Here is a look at the current players at the NHL/AHL level:
► Cholowski: The former first-round draft pick is out of minor-league options, but it would be somewhat surprising if the Wings leave Cholowski unprotected and give Seattle a chance to pluck him in the expansion draft. Cholowski twice has opened the season in the NHL, only to be eventually sent down to Grand Rapids, mainly for defensive issues. In a late-season look-see last season, Cholowski appeared to be progressing defensively.
► DeKeyser: DeKeyser returned from back surgery and got stronger as last season progressed. DeKeyser is 31, has one more season left on his contract ($5 million cap hit) and could be valuable trade bait at the deadline. He’s also a veteran presence on this roster.

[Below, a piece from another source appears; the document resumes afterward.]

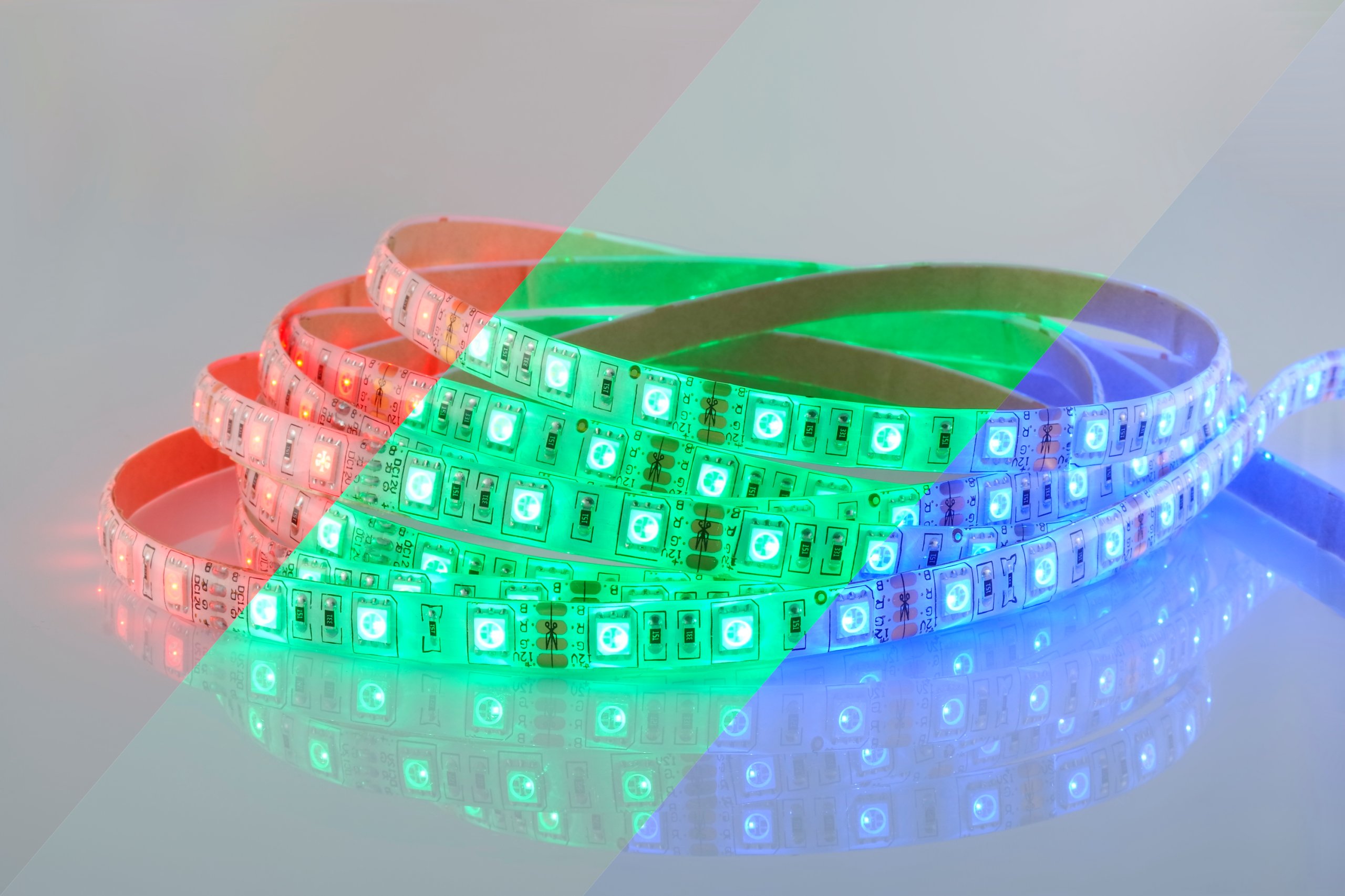 - Багатобарвність - кольоровий світлодіод може світити будь-яким кольором - червоний, синій, зелений, суміш цих кольорів і холодного білого. Білий колір у RGB-стрічках виходить шляхом змішування червоного, зеленого та синього.

► Hronek: Only Hornek and Staal played all 56 games, and Hronek led the Wings with 26 points (24 assists, two empty-net goals). What appeals to the coaching staff possibly the most is Hronek’s competitiveness and intensity, and willingness to battle for everything on the ice. Hronek plays with an edge.
► Lindstrom: It’s a close call as to whether Lindstrom could be protected for the expansion draft (the Wings are likely to protect three defensemen). Lindstrom isn’t a flashy player, but he’s a safe player on the ice who doesn’t make the big mistake and is quietly effective. Given the opportunity, Lindstrom could play in the NHL for a while.
► Troy Stecher: Quietly, Stecher became a fan favorite for his determined play on the ice, throwing himself into whatever situation in order to make a play or prevent a scoring chance for the opposing team. Stecher was an alternate captain for Canada’s recent world championship tournament victory, and played well. Could be tempting for Seattle in the expansion draft, if Stecher is left exposed.
► Seider: Spent last season in Sweden to play regularly, given the pandemic issues in North America. In some circles, Seider is considered the No. 1 prospect outside of the NHL. Fans are excited to see him finally wear an NHL jersey.
► Donovan Sebrango: At the tender age of 19, Sebrango was a revelation for the Griffins, not looking out of place at all. The 2020 third-round draft pick established himself as a prospect, playing sound defensively and with a physical style.
► Jared McIsaac: The key has been keeping McIsaac healthy, which hasn’t been easy. The 2018 second-round pick turned pro and played in 10 games in Grand Rapids — then, got hurt. He can be used in a variety of roles and has bite to his game, but McIsaac has to stay on the ice.
► Seth Barton: The 2018 third-round pick quietly has been an intriguing prospect for his skating and size (6-foot-3, 185 pounds). Barton starred at Massachusetts-Lowell and looked good in four games with the Griffins. Barton has put himself in the mix.
► Wyatt Newpower: Keep an eye on Newpower, who played in the Columbus system last season. Newpower, 23, is 6-foot-3, 195 pounds, and had an impressive rookie pro debut, a defensive defenseman who contributed 10 points in 24 games with Cleveland. Newpower will be in the hunt for an NHL job in training camp, and could win one with a good showing.